What you have to do: Give back exactly the lines of the data below, starting with the line that has "そこで今回、物流倉庫や発送代" and going on through the line that has "Diamond Baguette Double".

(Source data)
........

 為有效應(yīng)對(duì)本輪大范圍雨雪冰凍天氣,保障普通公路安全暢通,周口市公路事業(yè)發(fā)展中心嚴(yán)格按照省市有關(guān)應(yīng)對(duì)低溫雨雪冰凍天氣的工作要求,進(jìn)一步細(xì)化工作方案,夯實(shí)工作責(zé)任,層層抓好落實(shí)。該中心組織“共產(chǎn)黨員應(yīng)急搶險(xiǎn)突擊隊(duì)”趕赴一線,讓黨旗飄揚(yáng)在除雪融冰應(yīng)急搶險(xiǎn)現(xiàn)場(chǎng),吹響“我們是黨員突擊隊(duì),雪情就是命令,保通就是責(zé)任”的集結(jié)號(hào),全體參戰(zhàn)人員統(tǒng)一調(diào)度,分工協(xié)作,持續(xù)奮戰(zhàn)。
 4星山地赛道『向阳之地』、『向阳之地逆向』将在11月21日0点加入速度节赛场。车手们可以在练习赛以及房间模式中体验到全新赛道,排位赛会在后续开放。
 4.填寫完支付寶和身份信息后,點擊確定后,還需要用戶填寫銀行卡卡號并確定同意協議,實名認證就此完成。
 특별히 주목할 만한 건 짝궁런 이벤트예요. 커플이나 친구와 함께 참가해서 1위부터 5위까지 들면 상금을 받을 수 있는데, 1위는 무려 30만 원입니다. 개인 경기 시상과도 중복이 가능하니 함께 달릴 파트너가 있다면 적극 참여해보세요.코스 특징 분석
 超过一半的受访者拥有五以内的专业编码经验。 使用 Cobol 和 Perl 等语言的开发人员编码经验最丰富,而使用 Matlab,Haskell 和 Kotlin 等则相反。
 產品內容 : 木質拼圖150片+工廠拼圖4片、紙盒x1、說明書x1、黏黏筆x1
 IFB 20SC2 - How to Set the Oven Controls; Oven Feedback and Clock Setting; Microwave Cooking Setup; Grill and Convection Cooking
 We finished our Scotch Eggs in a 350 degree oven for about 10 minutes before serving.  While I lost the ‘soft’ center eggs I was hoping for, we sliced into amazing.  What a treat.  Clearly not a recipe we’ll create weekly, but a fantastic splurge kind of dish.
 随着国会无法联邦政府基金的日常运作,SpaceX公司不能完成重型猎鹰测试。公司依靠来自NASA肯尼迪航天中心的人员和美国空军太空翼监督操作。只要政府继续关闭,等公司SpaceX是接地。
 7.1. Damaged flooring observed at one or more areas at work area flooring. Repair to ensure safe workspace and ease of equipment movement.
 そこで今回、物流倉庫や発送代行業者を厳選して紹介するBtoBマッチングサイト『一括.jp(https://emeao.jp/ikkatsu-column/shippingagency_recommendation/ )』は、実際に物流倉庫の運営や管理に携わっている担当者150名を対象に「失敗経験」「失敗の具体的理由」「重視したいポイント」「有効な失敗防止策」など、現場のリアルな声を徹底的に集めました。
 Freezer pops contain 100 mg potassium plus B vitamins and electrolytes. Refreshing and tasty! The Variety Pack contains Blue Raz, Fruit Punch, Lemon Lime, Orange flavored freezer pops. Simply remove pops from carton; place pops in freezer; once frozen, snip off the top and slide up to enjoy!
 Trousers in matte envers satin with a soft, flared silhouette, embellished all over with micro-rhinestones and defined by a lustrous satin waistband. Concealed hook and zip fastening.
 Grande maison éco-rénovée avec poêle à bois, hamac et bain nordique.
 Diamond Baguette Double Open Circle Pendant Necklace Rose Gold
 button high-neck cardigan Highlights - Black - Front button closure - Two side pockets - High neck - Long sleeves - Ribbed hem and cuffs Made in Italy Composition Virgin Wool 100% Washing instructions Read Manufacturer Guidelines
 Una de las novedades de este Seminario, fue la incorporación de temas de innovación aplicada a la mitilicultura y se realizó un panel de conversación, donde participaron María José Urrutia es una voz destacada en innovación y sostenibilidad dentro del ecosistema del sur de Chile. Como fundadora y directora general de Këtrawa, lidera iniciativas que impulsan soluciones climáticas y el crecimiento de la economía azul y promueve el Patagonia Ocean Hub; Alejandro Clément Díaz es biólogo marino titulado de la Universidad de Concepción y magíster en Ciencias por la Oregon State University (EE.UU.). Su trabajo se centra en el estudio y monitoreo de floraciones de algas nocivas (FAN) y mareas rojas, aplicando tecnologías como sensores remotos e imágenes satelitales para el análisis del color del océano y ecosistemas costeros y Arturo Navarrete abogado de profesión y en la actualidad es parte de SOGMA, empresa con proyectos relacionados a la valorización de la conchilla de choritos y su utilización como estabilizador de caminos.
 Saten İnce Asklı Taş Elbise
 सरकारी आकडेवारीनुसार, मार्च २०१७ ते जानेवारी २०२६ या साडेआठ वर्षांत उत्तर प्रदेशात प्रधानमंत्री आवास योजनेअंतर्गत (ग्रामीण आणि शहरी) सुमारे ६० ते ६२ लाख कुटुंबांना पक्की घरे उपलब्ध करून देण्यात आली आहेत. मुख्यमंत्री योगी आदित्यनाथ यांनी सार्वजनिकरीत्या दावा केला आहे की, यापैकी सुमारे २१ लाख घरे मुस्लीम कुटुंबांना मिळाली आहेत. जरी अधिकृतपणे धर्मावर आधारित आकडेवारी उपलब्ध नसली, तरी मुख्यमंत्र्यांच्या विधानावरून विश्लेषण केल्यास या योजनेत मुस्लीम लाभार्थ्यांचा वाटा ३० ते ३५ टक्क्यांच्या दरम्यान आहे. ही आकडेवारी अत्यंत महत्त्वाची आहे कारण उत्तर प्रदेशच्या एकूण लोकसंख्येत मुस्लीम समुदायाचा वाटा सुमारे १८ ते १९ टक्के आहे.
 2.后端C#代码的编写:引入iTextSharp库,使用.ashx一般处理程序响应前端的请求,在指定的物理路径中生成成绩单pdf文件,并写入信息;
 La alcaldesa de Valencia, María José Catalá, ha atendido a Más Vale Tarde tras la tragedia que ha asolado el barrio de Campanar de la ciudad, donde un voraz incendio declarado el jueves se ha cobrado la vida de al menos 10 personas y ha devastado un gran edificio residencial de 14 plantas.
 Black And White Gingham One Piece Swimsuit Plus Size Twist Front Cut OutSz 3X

........

Result of the exercise:
 そこで今回、物流倉庫や発送代行業者を厳選して紹介するBtoBマッチングサイト『一括.jp(https://emeao.jp/ikkatsu-column/shippingagency_recommendation/ )』は、実際に物流倉庫の運営や管理に携わっている担当者150名を対象に「失敗経験」「失敗の具体的理由」「重視したいポイント」「有効な失敗防止策」など、現場のリアルな声を徹底的に集めました。
 Freezer pops contain 100 mg potassium plus B vitamins and electrolytes. Refreshing and tasty! The Variety Pack contains Blue Raz, Fruit Punch, Lemon Lime, Orange flavored freezer pops. Simply remove pops from carton; place pops in freezer; once frozen, snip off the top and slide up to enjoy!
 Trousers in matte envers satin with a soft, flared silhouette, embellished all over with micro-rhinestones and defined by a lustrous satin waistband. Concealed hook and zip fastening.
 Grande maison éco-rénovée avec poêle à bois, hamac et bain nordique.
 Diamond Baguette Double Open Circle Pendant Necklace Rose Gold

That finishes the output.